I think it’s worth it when comparing complexity though. The mask generation is a bit more complicated, but the algorithm itself is cleaner. (the reduce is just .reduce(|a, b| a | b)).

Part 2

Instead of counting reachable 9s, count how many unique paths there are to any 9.

This actually ends up being a lot easier to do with dynamic programming:

#[aoc(day10, part2, dynamic)]
fn part2_dynamic(input: &Grid<u8>) -> u32 {
    let mut ratings = Grid::new(input.width, input.height);

    // All 9s can be reached one way
    input.iter_enumerate().for_each(|(p, &v)| {
        if v == 9 {
            ratings.set(p, 1);
        }
    });

    // For each height, we're going to sum the ratings of all points one higher
    for height in (0..=8).rev() {
        input.iter_enumerate().for_each(|(p, &v)| {
            if v == height {
                ratings.set(
                    p,
                    p.neighbors()
                        .iter()
                        .filter(|&p2| input.get(*p2).is_some_and(|&v| v == height + 1))
                        .map(|p2| ratings.get(*p2).unwrap_or(&0))
                        .sum(),
                );
            }
        });
    }

    // Sum the ratings of the 0s
    input
        .iter_enumerate()
        .filter(|(_, &v)| v == 0)
        .map(|(p, _)| ratings.get(p).unwrap())
        .sum()
}

This time, we’re going to start at the 9s and initialize that we can get to each one 1 way. Then as we go from 8 to 1 the same way, we just have to add the neighboring values together. This represents ‘how many ways can we get to any different 9 via each neighbor’.

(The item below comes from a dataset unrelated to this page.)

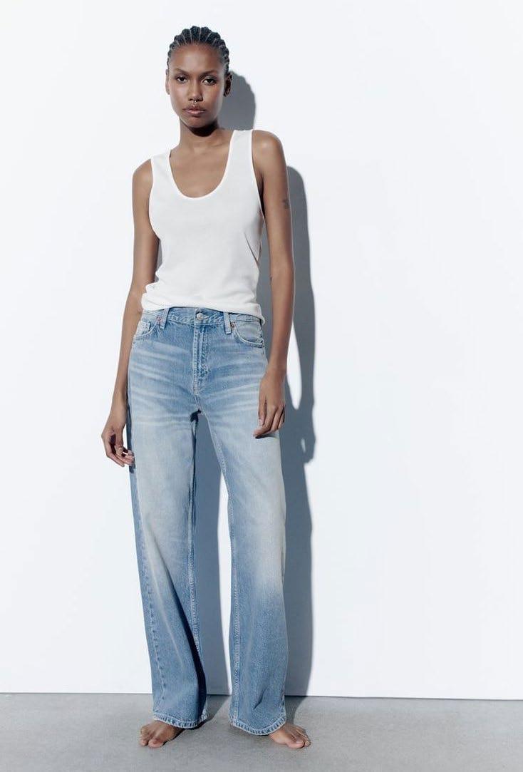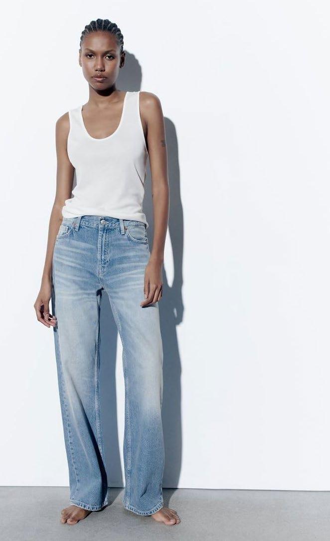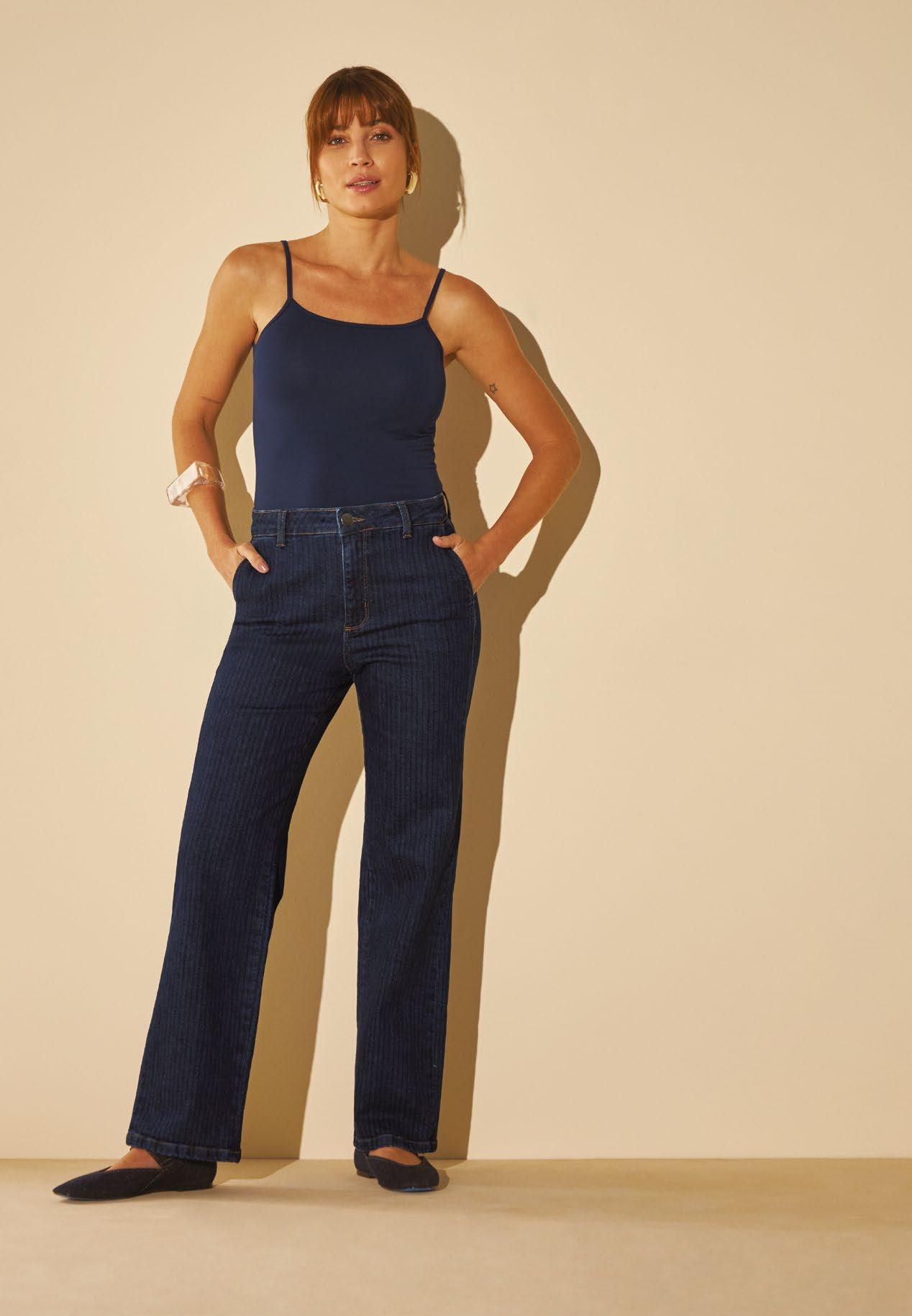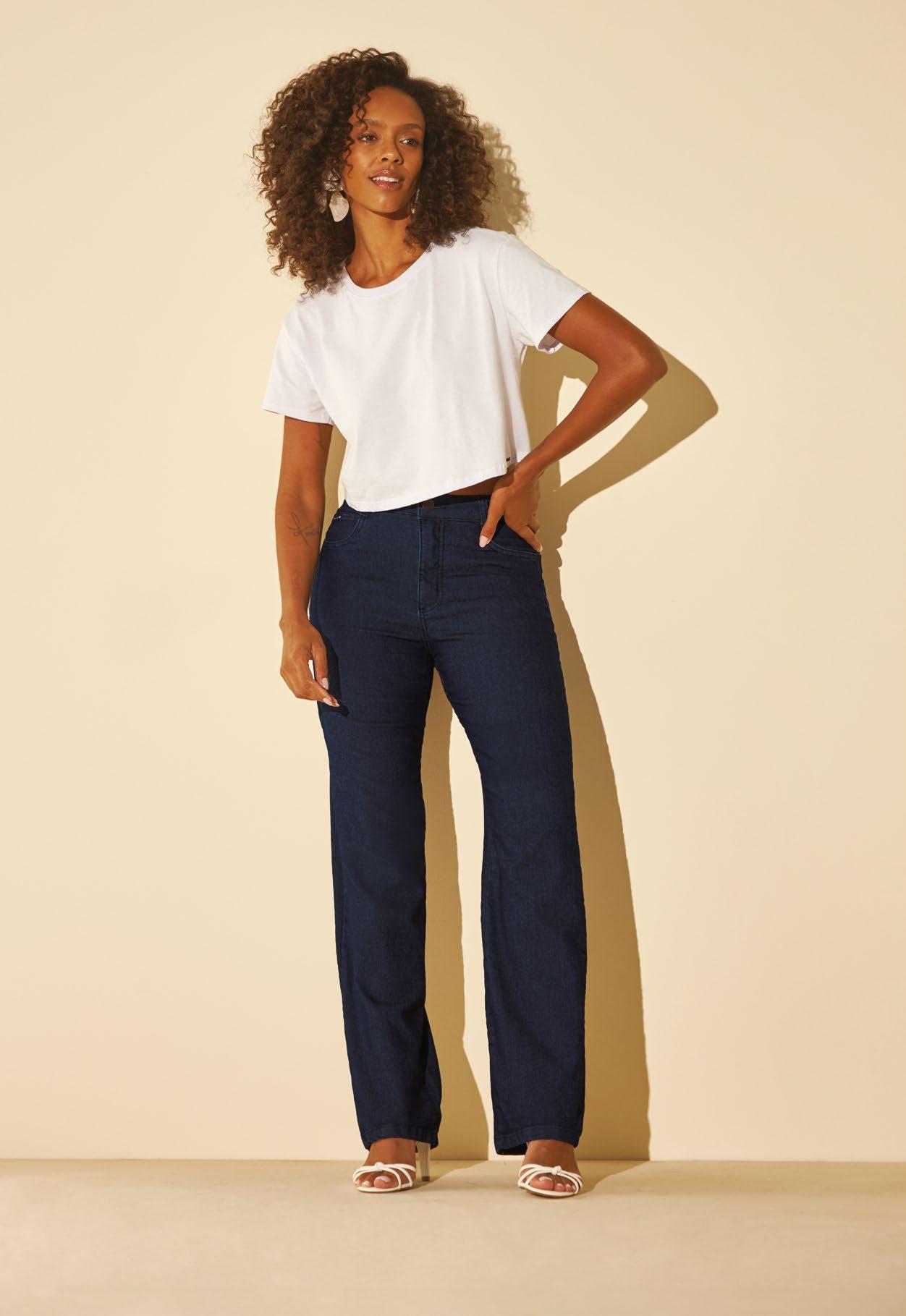 Wide Leg Denin Pants with Elastane Pantalón Wide Leg en Denin con Elastano

The video for this one ends up mostly the same as what I did for part 1:

Colorscale changed entirely to be confusing 😄. Red is lower, blue is higher.

Benchmarks

$ cargo aoc bench --day 10

Day10 - Part1/search            time:   [65.198 µs 66.052 µs 67.339 µs]
Day10 - Part1/dynamic           time:   [278.43 µs 280.80 µs 283.53 µs]
Day10 - Part1/dynamic_tupled    time:   [42.502 µs 43.356 µs 44.197 µs]
Day10 - Part1/dynamic_smart     time:   [41.415 µs 42.406 µs 43.625 µs]

Day10 - Part2/dynamic           time:   [34.976 µs 36.044 µs 37.158 µs]

Part 2 faster than part 1. Funny. Although it makes sense, we don’t have to deal with the mask generation and + should be as fast as | (might even be faster, since you potentially don’t have to deal with all of the bits?).